From Rending to Mending

I wrote this poem to express the need to rage/rend before we sage/mend. The video is an attempt to visualize the poem. I was inspired by a reflection shared by Valerie Kaur during one of her People’s Inauguration segments when she especially talked about our need to express our anger/outrage/grief in such a way that we can see/hold it outside of ourselves and only then can we name it and begin to do something constructive with it.

how do I grieve
what I cannot mend — tend
I cannot help but rend
this anger
betrayal
struggle
denial
refusal
these terrorist supremacist delvers into hatred
who see you / me as stranger
implicit dangers
Rend this cloth
tear at this terror
this fear
my / your anger
shame 
sorrow upon unending sorrow
will it go on for ever tomorrows
rending this cloth
let the stitches rip their / our pain
that is my / our undoing
till there is nothing left
we are spent from the screaming
the furies that were teeming
And only a pile of scrap
pain untrapped
and our beating / breathing can slow to fuming
no longer blooming, festering, or seething
from storming to stopping
we can stop
stop the bleeding
outpouring
from frenzy to 
forming
morphing our rending 
to mending

Pick up the pieces
that which was rent
now removed
expelled
from within
to it we can now attend
Make this time  — creating space
a time of mending
stitching the pieces worth saving
we are stronger for the rending
stitched together, dearly tethered
threading and tending
to our awakened rage
our soul filled with wreckage
wrought tender
reduced to cinders
now we can see the pain
hold it there
and turn it over
pick up our tools and begin again.

Ideas for exploring/sharing this poem:

If exploring this poem within a virtual community/gathering I would consider inviting people to think about ways they do or could express their rage and grief in a way that allows for a needed release but also being in a safe container (i.e. not just lashing out at those around them when pushed to the brink).

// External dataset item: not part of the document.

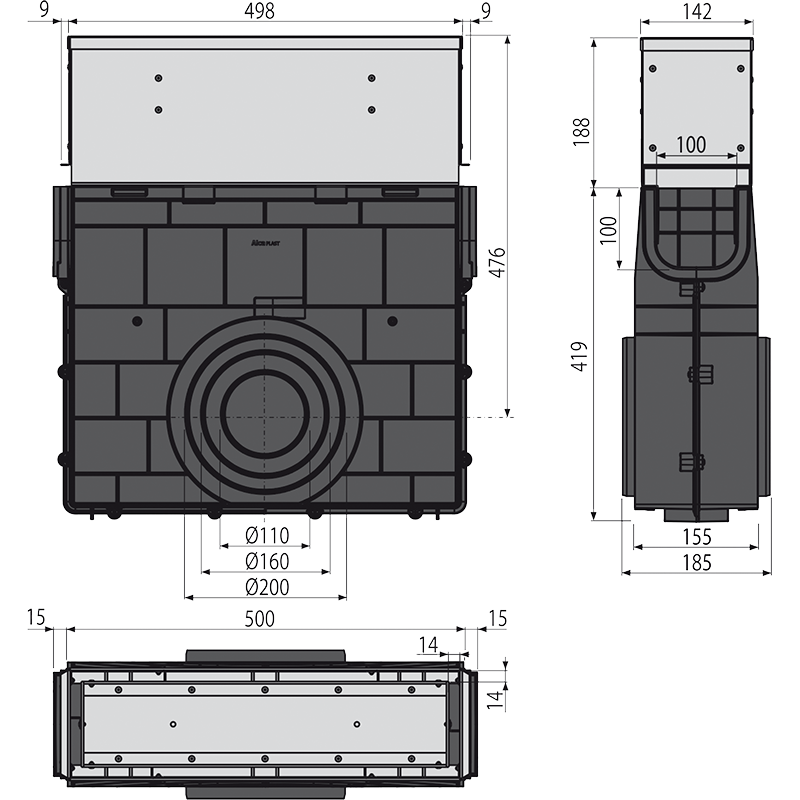 Siphon d’extérieur caniveau à fente avec cache d’accès asymétrique 160 mm, inox galvanisé

Do/can we dig a hole? tear something up? punch a pillow or punching bag? knead some bread dough? run until we collapse? find a safe place to scream until we have nothing left? Many criticized the expressed rage of Black Lives Matter protestors on the streets across the USA (and world) last year (and years’ past). But when your outrage and grief is not heard, has no place to safely go, what do you do with it? It must be expressed. Not just so others will hear and finally respond, but for your own physical and emotional sanity and ability to go on with the struggle, the work.